В углу, сложенные друг на друга, разные по величине и цвету, стояли ландшафты — гигантские изогнутые листы. Учитель вновь узнал за спиной деревенского ребенка Алмаутский парк, буковую аллею и газон (правда, без единой скульптуры). Установка аппарата не ладилась, старик, то и дело пыхтя, вылезал из-под своего черного покрывала, смотрел, часто мигая, на свою модель, затем передвигал один из алюминиевых прожекторов и снова исчезал. Он очень усердствовал, очевидно находясь под впечатлением визита, потом предложил учителю стул, а сам присел на краешек подоконника, поставив ногу на вращающуюся табуретку. Все молчали. Тишину старик долго выдержать не мог. Он снова заговорил: как жаль, что учитель не знал его брата, весьма примечательная фигура, а уж как они ладили друг с другом. Во всяком случае, перед войной. Потому что война здорово по нему проехалась. Он попал в такую переделку, после которой, так сказать, слегка тронулся. Иначе с чего бы ему пришло в голову, где-то за месяц перед смертью, потребовать, чтобы Алесандра выдернула все зубы?
— Чтобы сделать искусственную челюсть? — спросил мальчик.
— Нет, мой храбрый мальчик, нет, вовсе не для этого, он совсем не хотел, чтобы она выглядела кокеткой!
— А она сама этого не хотела? — спросил мальчик.
— Нет, — обиженно ответил старик.
Не так уж это и глупо, продолжал он, отрубали же себе бушмены пальцы в знак скорби, и разве не правда, что мы совсем не занимаемся телом, что мы со-вер-шен-но за-бро-си-ли телесное? Скорее всего, болтал он дальше, его так-сказать-странность приключилась не только из-за того зверства, которое над ним учинили на площади в Остенде, после чего он потерял еще и все волосы, а свихиваться он начал еще раньше из-за паров ртути, с которой он производил опыты. Учитель устал, щиколотка, стиснутая ботинком, нестерпимо ныла. Старик, приведя еще один пример изуверства с отрубанием пальцев — на сей раз из средневековья, — сам он считал этот обычай вполне справедливым, вдруг вновь обрел свой детский голосок, которым он приветствовал их в Алмауте, и затянул песенку на смешанном итальянско-французско-испанском. Завершив припев козлиным блеяньем, старик пояснил, что это был излюбленный гимн его брата, который даже написал собственный текст и поставил внизу подпись: Скардарелли. «Но я не постыжусь вам сказать, песня была не менее идиотской, чем „бакала-бакала“, которую регулярно напевал Луи Шестнадцатый». Воспоминание о брате словно прорвало все плотины, старик трещал без умолку, то и дело соскальзывая с подоконника, время летело мимо; пожилая женщина, остановившая свои блестящие глаза из искусственных камней на мальчике, дышала с трудом.

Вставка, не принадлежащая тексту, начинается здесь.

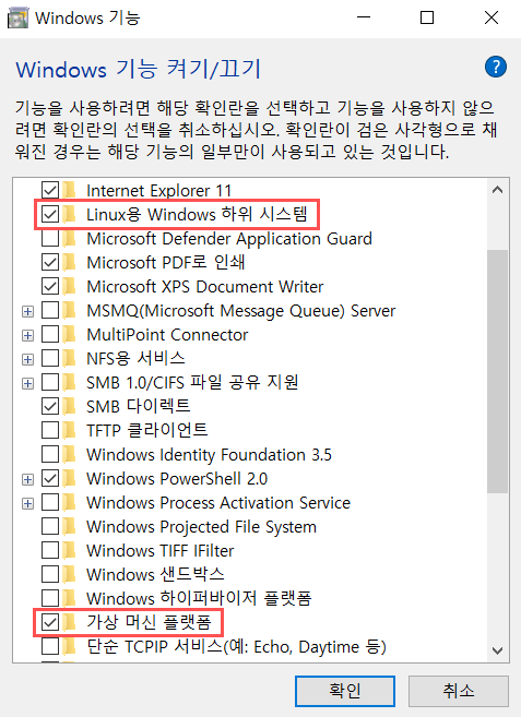 - [Linux용 Windows 하위시스템] 과 [가상 머신 플랫폼] 기능을 체크한 뒤 확인버튼 클릭
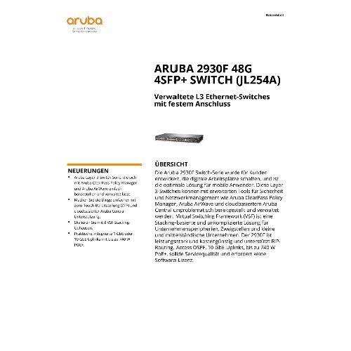 - Die Aruba 2930F Switch-Serie wurde für Kunden konzipiert, die digitale Arbeitsplätze schaffen, die mit einem integrierten kabelgebundenen und kabellosen Ansatz auf mobile Benutzer abgestimmt sind. Diese grundlegenden Layer-3-Access-Switches können mit erweiterten Tools für Sicherheit und Netzwerkverwaltung wie Aruba ClearPass Policy Manager und Aruba AirWave problemlos bereitgestellt und verwaltet werden und eignen sich optimal für Unternehmensperipherien, Zweigstellen und SMBs. Ein leistungsstarker Aruba ProVision ASIC bietet Leistung und Mehrwert, indem er die modernen SDN-Anwendungen mit zukunftsorientierter Programmierbarkeit unterstützt.

Вероятно, мальчика все это раздражало не меньше, чем учителя, он болтал ногами, играл экспонометром, примеривался к кинокамере. Наконец старик со вздохом слез с подоконника, попросил тишины и исчез в складках покрывала на своем монстроподобном агрегате. Из-под покрывала вынырнула безволосая розовая рука, нажала на ребристую грушу, и багрово-красный Рихард Хармедам, появившийся вновь, сладко потянулся.

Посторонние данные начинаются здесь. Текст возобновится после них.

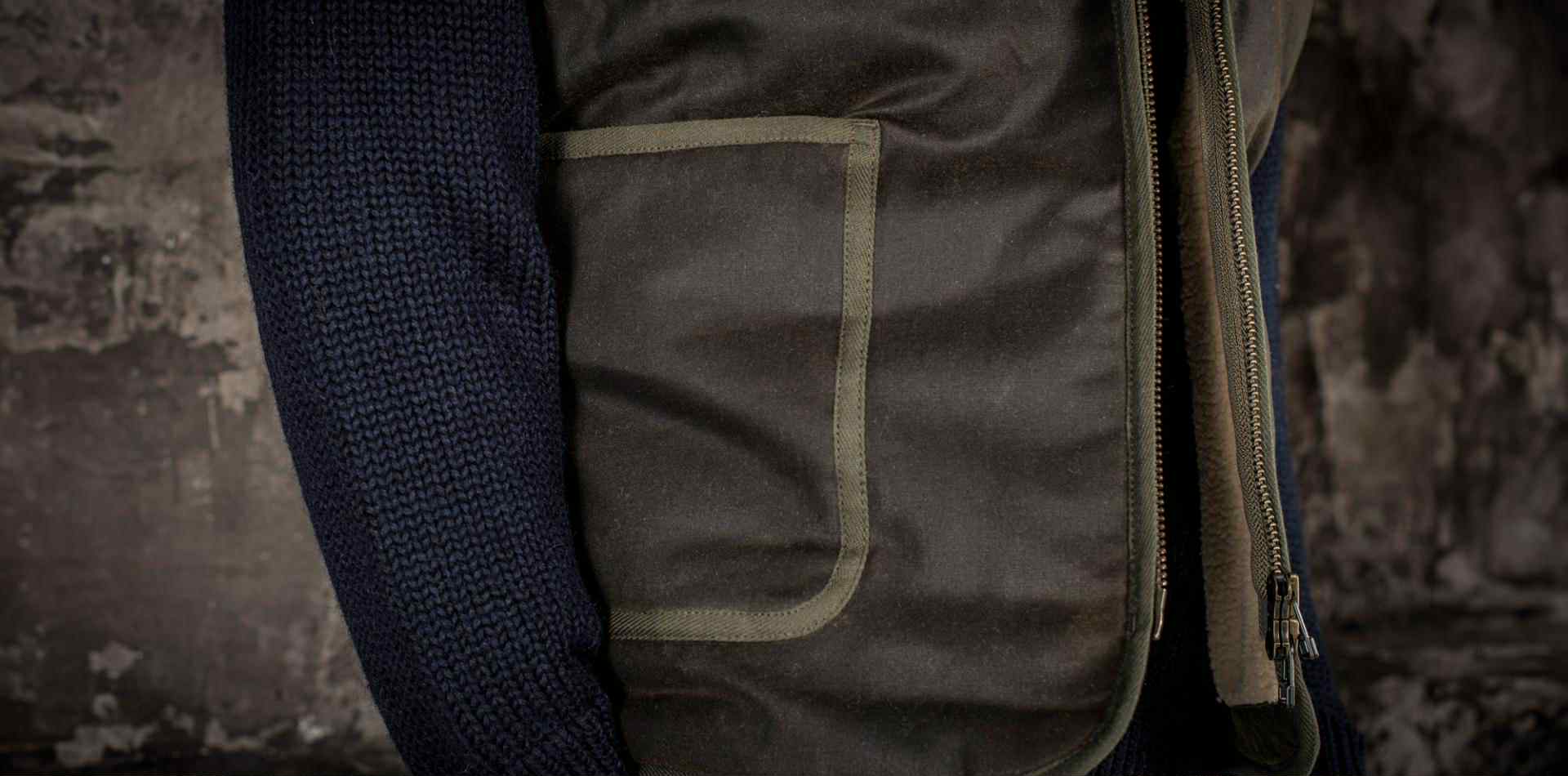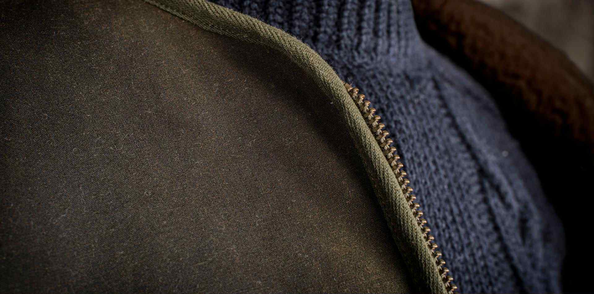 - Toile 100% coton waxé 395gr de chez la manufacture British Millerain en Angleterre
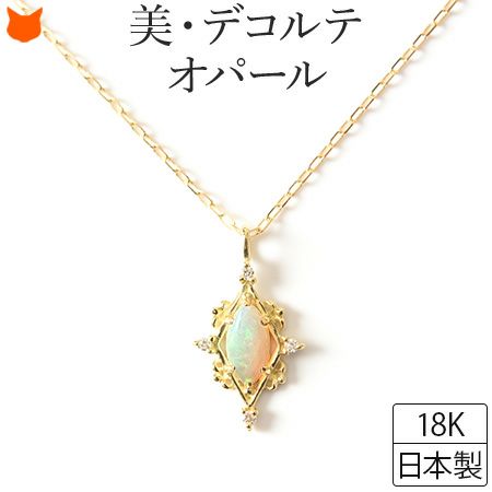 胸元を美しくするオパール。希望という石言葉とともに、日本の一流職人の手から/ オパール ネックレス 18k ゴールド ダイヤ ペンダント K18YG 天然石 コタラッテ 日本製 10月 誕生石 プレゼント
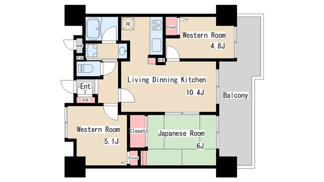 | 間取り | 3LDK | 間取り詳細 | 和室6 洋室4.8 洋室5.1 |
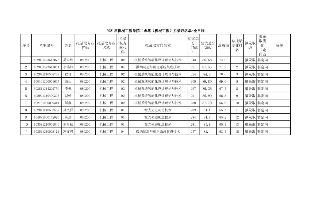 2021年yl6809永利检测中心二志愿(机械工程)拟录取名单-全日制-3月28日
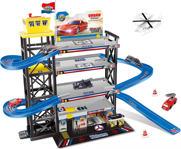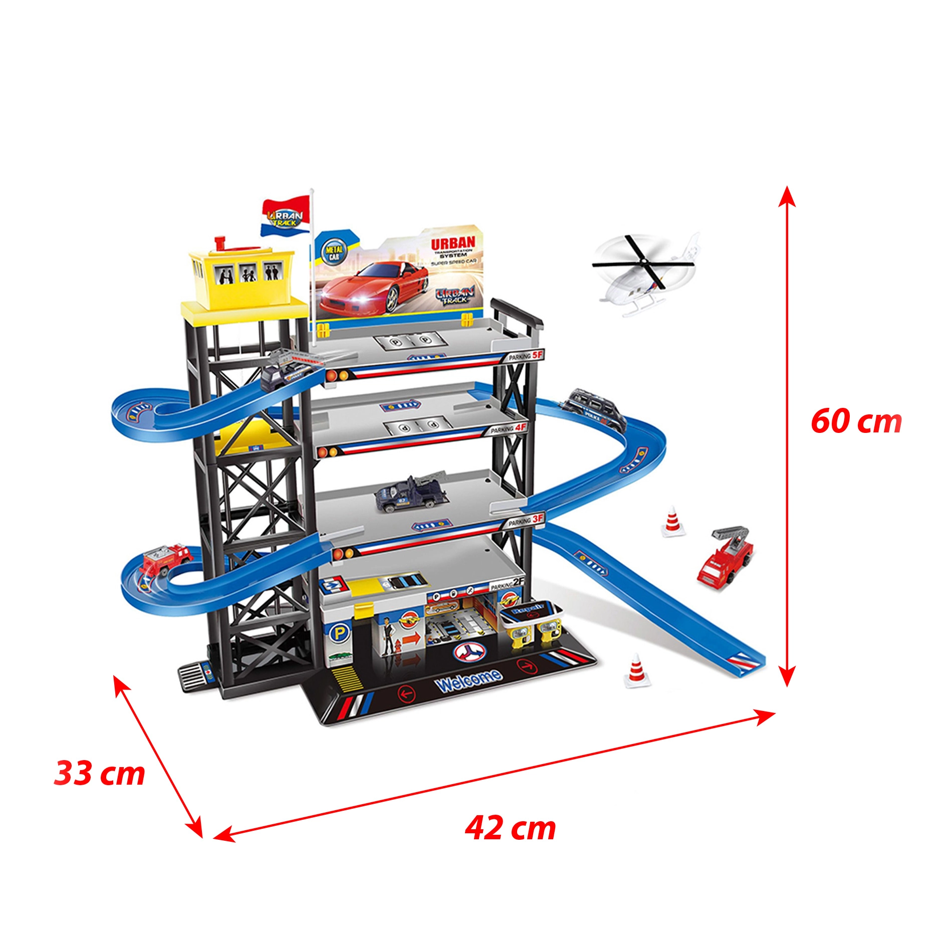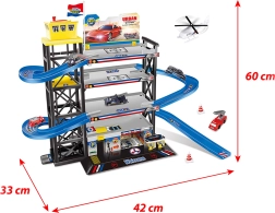 Ši didelė stovėjimo aikštelė su sraigtasparnių aikštele – puikus žaidimų centras mažiesiems vairuotojams. Keturi aukštai suteikia daug vietos parkavimui ir kūrybiškiems žaidimams, o sraigtasparnių aikštelė prideda dar daugiau pramogų. Pakuotėje rasite 3 automobiliukus ir 1 sraigtasparnį, tad galėsite važiuoti ir skraidyti iškart po surinkimo.

— А может быть, вы слышали, как он вел себя перед смертью, в саду? Нет? Он потребовал, чтобы его на вращающемся стуле вынесли в сад, и там, посидев часок на солнце, он вообразил себя тюльпаном и пожелал, чтобы Сандра с Алисой начали его поливать! Ах, все-таки к лучшему, что он скончался!
Снова стало тихо. Женщина, покрытая каплями пота, икнула. Учитель, поднявшись с места, попытался опереться на саднящую ногу и чуть не упал на увеличенную фотографию кустарника, тут он увидел, что край ее пятки, уже попадавшей в поле его зрения, покрашен; он нагнулся и обнаружил, что и вся ступня покрыта пурпурной краской, и он вспомнил, не без некоторой гордости за свою эрудицию, что таков был обычай жриц с Крита, которые вне храма не смели коснуться ногой земли.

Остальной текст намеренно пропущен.